This folder contains the implementation of the InternViT-6B for image classification.
The codebase for this part is derived from InternImage, with some code references to EVA and DINOv2. Thanks for their great work.
InternViT-6B follows the structure of vanilla ViT, and its hyperparameters are listed in the table below.
See INSTALLATION.md
Please prepare the dataset according to your needs.
-
ImageNet-1K
: We use the standard ImageNet dataset, you can download it from http://image-net.org/. -
ImageNet-A
: Download it from https://people.eecs.berkeley.edu/~hendrycks/imagenet-a.tar. -
ImageNet-R
: Download it from https://people.eecs.berkeley.edu/~hendrycks/imagenet-r.tar. -
ImageNetV2
: Download it from https://imagenetv2public.s3-us-west-2.amazonaws.com/imagenetv2-matched-frequency.tar.gz. -
ImageNet-Sketch
: Download it usinggdown
.# GDown is needed to download the dataset. Please install it via `pip install gdown` gdown --id 1Mj0i5HBthqH1p_yeXzsg22gZduvgoNeA
First, please prepare the ImageNet-1K
, ImageNet-A
, ImageNet-R
, ImageNetV2
, and ImageNet-Sketch
datasets following the directory structure outlined below.
$ tree data
data
├── imagenet-1k
│ ├── train
│ ├── n01498041
│ └── ...
│ └── val
│ ├── ILSVRC2012_val_00000001.JPEG
│ └── ...
├── imagenet-a
│ ├── n01498041
│ └── ...
├── imagenet-r
│ ├── n01443537
│ └── ...
├── imagenet-sketch
│ ├── n01440764
│ └── ...
└── imagenetv2
└── ImageNetV2-matched-frequency
Then, unzip the train.txt.zip
and val.txt.zip
in meta_data/
.
cd meta_data/
unzip train.txt.zip
unzip val.txt.zip
model name | type | download | size |
---|---|---|---|
InternViT-6B-224px | pytorch | 🤗 HF link | 12 GB |
InternViT-6B-224px-head | pytorch | 🤗 HF link | 25.7 MB |
Please download the above model weights and place them in the pretrained/
folder.
cd pretrained/
wget https://huggingface.co/OpenGVLab/InternVL/resolve/main/intern_vit_6b_224px.pth
wget https://huggingface.co/OpenGVLab/InternVL/resolve/main/intern_vit_6b_224px_head.pth
The directory structure is:
pretrained
├── intern_vit_6b_224px_head.pth
└── intern_vit_6b_224px.pth
Note, please install apex before training (see installation guide above for details).

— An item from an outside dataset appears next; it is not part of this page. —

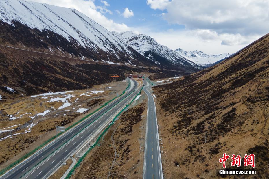 图为航拍西藏拉林高等级公路,春日时节高海拔路段沿线仍有积雪。 江飞波 摄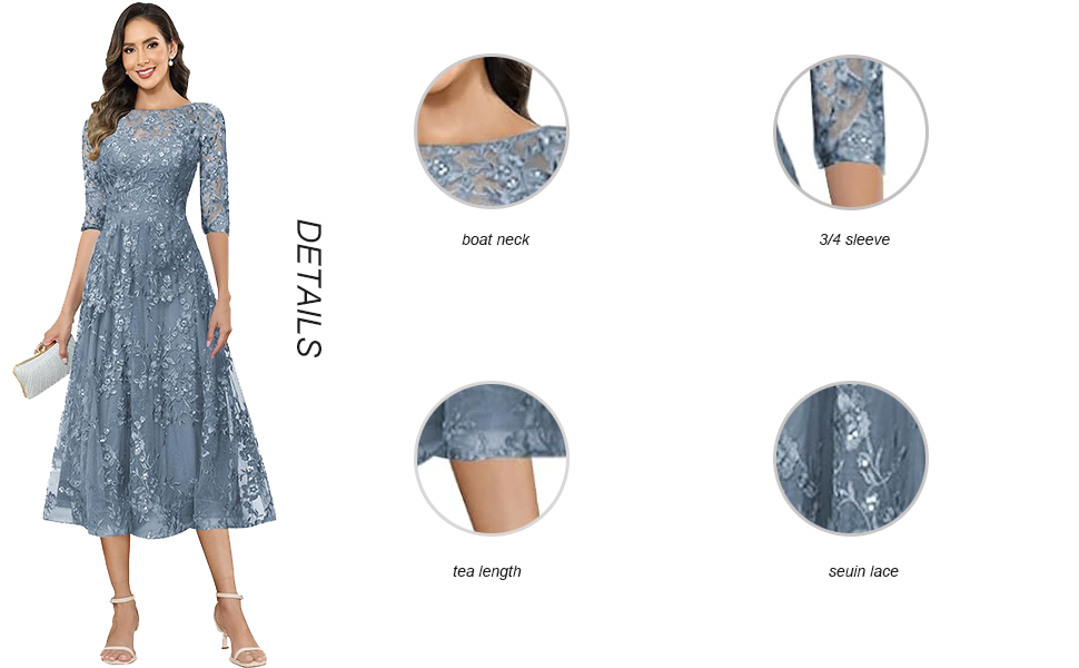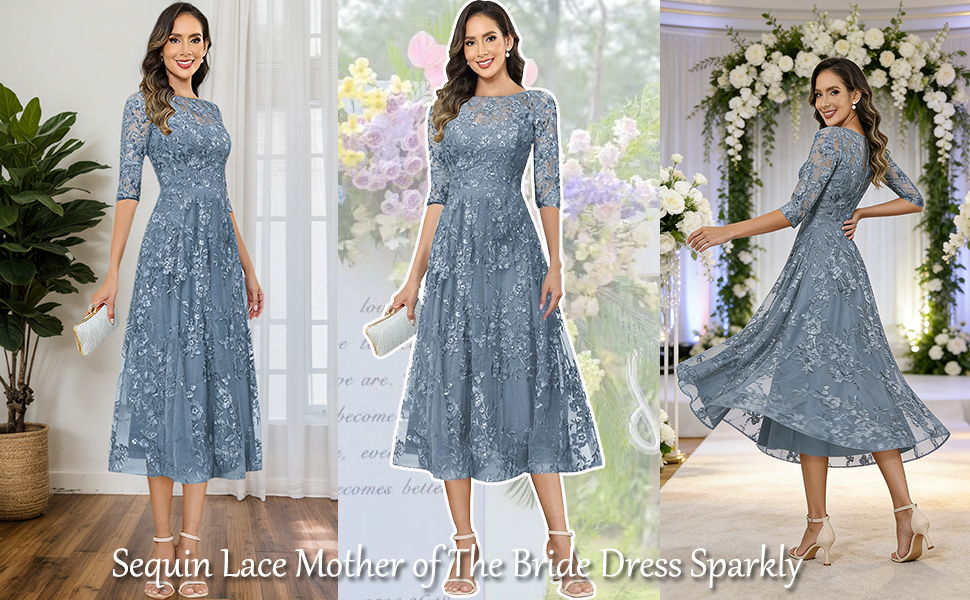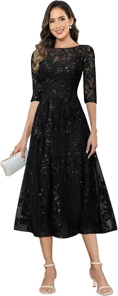 Sequin Lace 3/4 Sleeve Mother of The Bride Dresses Tea Length Wedding Guest Dress for Women Boat Neck Grandmother of The Groom Dress Tulle Sparkly Formal Cocktail Dress Floral Applique Prom Party Dress

To train a linear classifier for InternViT-6B
on ImageNet with 8 GPUs, run:
python -m torch.distributed.launch --nproc_per_node 8 --master_port 12345 main.py --cfg configs/intern_vit_6b_1k_224.yaml
# or manage jobs with slurm
GPUS=8 sh train_in1k.sh <partition> <job-name> configs/intern_vit_6b_1k_224.yaml --launcher slurm
model name | IN-1K | IN-ReaL | IN-V2 | IN-A | IN-R | IN-Sketch | download |
---|---|---|---|---|---|---|---|
intern_vit_6b_1k_224.yaml | 88.2 | 90.4 | 79.9 | 77.5 | 89.8 | 69.1 | ckpt | log |
Evaluate InternViT-6B on ImageNet-1K val with 8 GPUs (click to expand).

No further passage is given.